Pension Insurance Corporation (PIC), a London-based insurer of defined benefit pension funds, has invested £100 million ($147 million; €130 million) in secured debt tied to the UK’s Thames Tideway Tunnel.
The debt was issued by Tideway, the new company created to build the facility, after the latter priced a bond issue of the same amount in early June. Shareholders in Tideway include Germany’s Allianz; UK-listed International Public Partnerships (INPP), through its adviser Amber Infrastructure Group; London-based Dalmore Capital; and Dutch-headquartered DIF.
The consortium was granted a licence to own and operate the project in August 2015, as well as provide £3.1 billion out of the total £4.2 billion needed to finance it.
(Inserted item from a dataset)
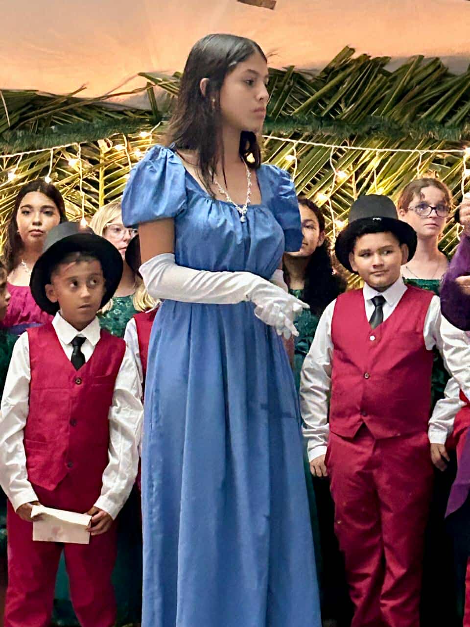 As the audience cheered following the performances, the entire student body, accompanied by the school’s founder, Lady Dixie Bowen, and the teachers, took the stage to sing the classic “Feliz Navidad.” Parents, friends, and other guests joined in, joyfully singing the popular Christmas song as the show ended.

The remainder is to come from local utility Thames Water.
The debt is split over four tranches with a four- to five-year deferral period, helping to provide “certainty of funding cost for the borrower, but reducing cost of carry, with an unusual feature of no funding drawn on day one to help match the cashflow needs of the construction works,” PIC said in a statement.
Linked to the Retail Price Index, half of the issue will mature in 2048 while the remainder will terminate in 2054.
The news comes after the European Investment Bank agreed to lend £700 million to the 25km tunnel, which it billed as the largest infrastructure project ever undertaken by the UK water industry. The loan was also described as the EIB’s “largest-ever water loan and the most significant support for UK infrastructure since Crossrail”.
Six banks have also provided senior debt to the project, including Royal Bank of Canada, Lloyds Bank, Credit Agricole, SMBC, BTMU and Santander.